Audit events from the kube-apiserver contain a field for the source IP that the requests came from. Example:

audittailer-768f964b78-t4hcs audittailer {"kind":"Event","apiVersion":"audit.k8s.io/v1","level":"Request","auditID":"39d36d5d-cae5-4b0c-8ef2-8dc8013f49d1","stage":"ResponseComplete","requestURI":"/api/v1/namespaces/default/pods?limit=500","verb":"list","user":{"username":"oidc:IZ00242","uid":"IZ00242","groups":["oidc:all-cadm","system:authenticated"]},"sourceIPs":["10.67.48.2"],"userAgent":"kubectl/v1.21.1 (linux/amd64) kubernetes/5e58841","objectRef":{"resource":"pods","namespace":"default","apiVersion":"v1"},"responseStatus":{"metadata":{},"code":200},"requestReceivedTimestamp":"2021-05-27T17:30:52.228925Z","stageTimestamp":"2021-05-27T17:30:52.231553Z","annotations":{"authorization.k8s.io/decision":"allow","authorization.k8s.io/reason":"RBAC: allowed by ClusterRoleBinding \"oidc-all-cadm\" of ClusterRole \"cluster-admin\" to Group \"oidc:all-cadm\""}}

Unfortunately the "sourceIPs":["10.67.48.2"] is the node IP address of one of the nodes in the seed cluster. This seems to be the correct behaviour since the Apiserver is is exposed as service of typ loadBalancer with externalTrafficPolicy: Cluster.

From an audit point of view this is not ideal because it hides the real source address from which an event originated. Changing the externalTrafficPolicy of the kube-apiserver service manually to Local fixes this temporarily, until the service get reconciled again.

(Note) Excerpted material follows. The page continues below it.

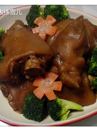 步骤12、装盘,配上绿菜花和胡萝卜花,软糯清香的酱烧猪蹄就做好了,热吃入口即化,冷凉了吃Q弹有嚼劲^^

Example audit event:

{"kind":"Event","apiVersion":"audit.k8s.io/v1","level":"Request","auditID":"952889bc-8879-43f6-9d91-e465cae3c76e","stage":"ResponseComplete","requestURI":"/api/v1/namespaces/audit/pods/audittailer-768f964b78-zg8jk/log","verb":"get","user":{"username":"oidc:IZ00242","uid":"IZ00242","groups":["oidc:all-cadm","system:authenticated"]},"sourceIPs":["95.117.118.243"],"userAgent":"kubectl/v1.21.1 (linux/amd64) kubernetes/5e58841","objectRef":{"resource":"pods","namespace":"audit","name":"audittailer-768f964b78-zg8jk","apiVersion":"v1","subresource":"log"},"responseStatus":{"metadata":{},"code":200},"requestReceivedTimestamp":"2021-05-27T17:45:49.837864Z","stageTimestamp":"2021-05-27T17:45:51.099244Z","annotations":{"authorization.k8s.io/decision":"allow","authorization.k8s.io/reason":"RBAC: allowed by ClusterRoleBinding \"oidc-all-cadm\" of ClusterRole \"cluster-admin\" to Group \"oidc:all-cadm\""}}

This seemed to have no ill effect on the cluster during the short time until the policy was reset, so I suggest we set the externalTrafficPolicy of the kube-apiserver to Local in ths extension provider.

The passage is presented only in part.